If you are looking for a catalogue of his writings and rhetorical analysis of his techniques you will be disappointed - a short final chapter is all you get, because his whole life seems to have been bound up with his writing. And he is throughout generous in his recognition of his late wife Norma's contribution to the stories.
He lists some of the authors that influenced him; he considers the novel his chosen form: as to style, he discovered writing to please yourself (not editors) yielded better results, and he lays down one supreme canon: "the mark of good witing, in my opinion, is that the reader is not aware that the story has been written... the images flow into his mind as if he were living them. The utmost accolade a writer can receive is that the reader is incognizant of his presence". That humble "in my opinion" marks the innate decency of this man wno is one of, if not the, greatest creators of the myths we need for living in these times. Those guests who chatted over their food while he gave one of his rare talks on writing would have done better to listen.

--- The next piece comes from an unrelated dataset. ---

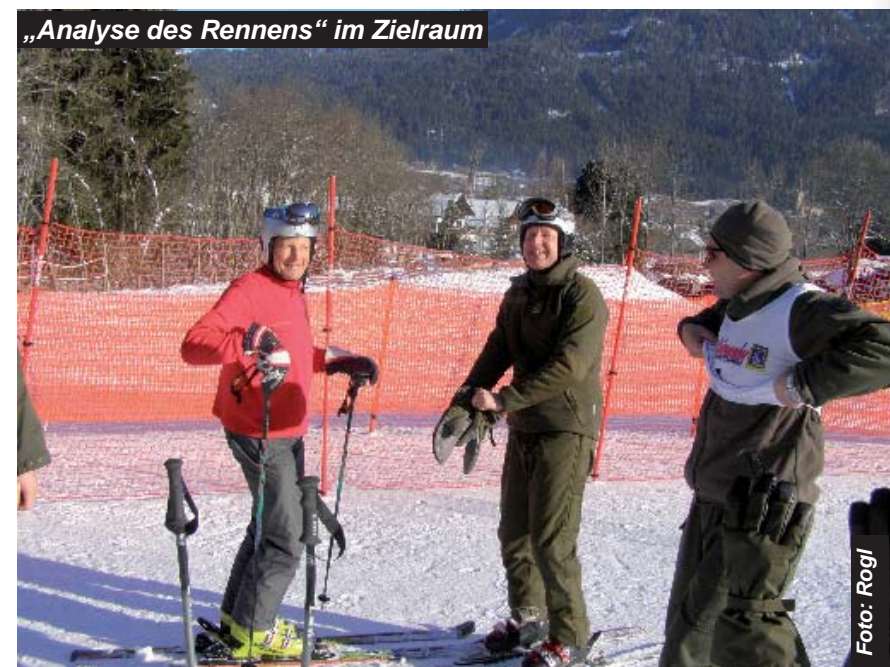
„Analyse des Rennens“ im Zielraum

Der zweite Bewerb das Schibergsteigen ging am Donnerstag, dem 21. Jänner 2010, über die Bühne. Organisiert durch die 2. Jägerkompanie galt es, von der Frido Kordonhütte

For here is a man whose writing moves on three levels at once -adventure story, imaginative working out of living myth for our age, and profound insight into our human condition with its ferocity and commitments, and its heroes who above all never forgive.
The impact of this book grows on you: without pretention, without fuss, recording the little triumphs and defeats of his life, a very great man here displays his unassuming courage: he is moving, apparently unregretting, onto the final stretch of the journey to annihilation we all must take, where the secrets of a hidden and magical power gleam amidst the darkness of Ultimate Nothing.
This book is made great by its author: buy it, read it, and above all read his works. Then through thought and imagination you may bring yourself to a greater understanding of your life, greater than you will ever get from religious text and professional philosophising.